Introduction to the Proposal
The change of digital payment in India is mainly operated by the Integrated Payment Interface (UPI). This user-friendly, quick, and cost-free service has basically integrated into individuals across the country.
However, recent reports have expressed concern among digital payments users, as the government is being discussed about starting an 18% Goods and Services Tax (GST) on potential UPI transactions. Although this proposal is still in its early stages, its possible implementation can greatly affect the landscape of digital payments in India. The introduction of such taxes can change the overall mobility of user behavior and the digital payment ecosystem.
Current Status of UPI in India
The adoption of UPI has been steadily increasing. In March 2025, an impressive 1,300 crore transactions were processed by UPI, which illuminated its domination in the area of digital payment.
This increase in use underscores a key role in changing how UPI transactions are carried out, strengthening its position as a leading platform for digital financial exchange.
Reasons for the popularity of UPI:
The government, along with the Reserve Bank of India (RBI), has actively supported this service by offering it at no cost so far. However, due to rising revenue pressures and funding difficulties, the government is now reevaluating its approach.
What is the Proposed Change?
The government has proposed to implement 18% GST on all UPI transactions of more than ₹ 2,000. This tax will be levied on banks and applications that facilitate UPI services, but the financial burden can eventually be passed to consumers and traders.
Objective of the proposal
- Help maintain digital payment infrastructure
- Raise government revenue
- Reimburse subsidies paid to UPI services
Potential Impact of the Proposal
The effects of this initiative could resonate across multiple dimensions, affecting not just technology but also consumers, merchants, and the broader economy.
Impact on Consumers
- Disruption in the habit of free transactions
- Additional cost on payments above ₹2,000
- The trend towards cash transactions may return
Impact on Merchants
- Reduction in the number of customers
- Hesitancy to accept digital payments
- Considering alternatives to POS services
Impact on Digital Economy
- UPI growth may slow down
- Digital India mission may suffer a setback
- Startups and online businesses will be affected
- Public Reaction and Expert Opinions
General Public
The ordinary people have greatly rejected the proposal. Many consumers argue that the government initially released UPI to facilitate affordable and convenient digital transactions, and now introducing taxes on it weakens the confidence.
Expert Opinions - Some experts argue that it may be necessary to apply a little fee for long-term durability of digital infrastructure.
- On the contrary, some argue that this adjustment can negatively affect the efforts of digital inclusion.

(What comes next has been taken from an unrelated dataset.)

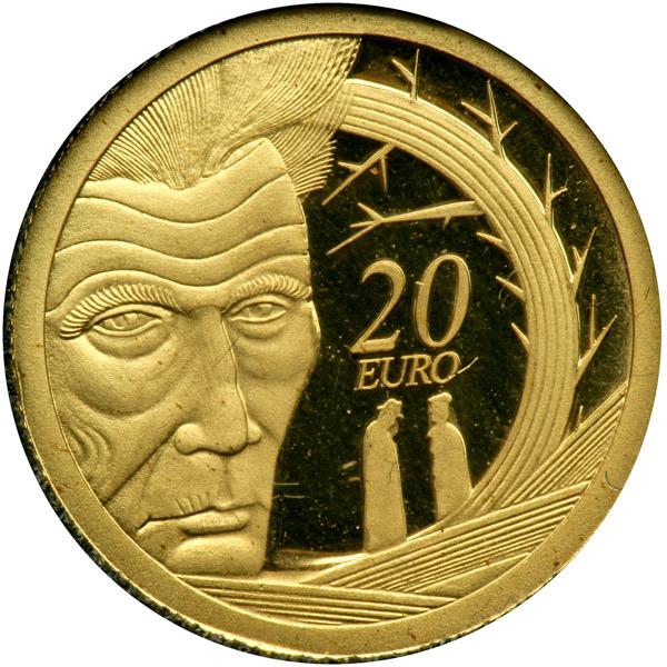 Ireland. 20 Euro, 2006. KM-46. 1.24 grams. Samuel Beckett. In original case with certificate. Choice Brilliant Proof.

- Discussion highlights the tensions between financial stability and equal access to digital resources.
What Do NITI Aayog and RBI Say
The Reserve Bank of India has not provided any formal statement regarding this matter as of now. However, they have previously expressed that UPI should remain free to ensure it is accessible to everyone.
Similarly, NITI Aayog has maintained a consistent stance, advocating for a “Free Digital Payment Infrastructure” to promote inclusivity in digital transactions.
What Are the Possible Alternatives?
One option is to implement a tiered charging system, where transactions up to ₹2,000 are free, followed by a minimal fee for amounts exceeding that limit. Another possibility is the annual cap model, which would allow a certain number of free transactions each year before any charges apply. Additionally, the government could consider a model where service fees are exclusively levied on larger merchants, ensuring that smaller businesses are not burdened by these costs.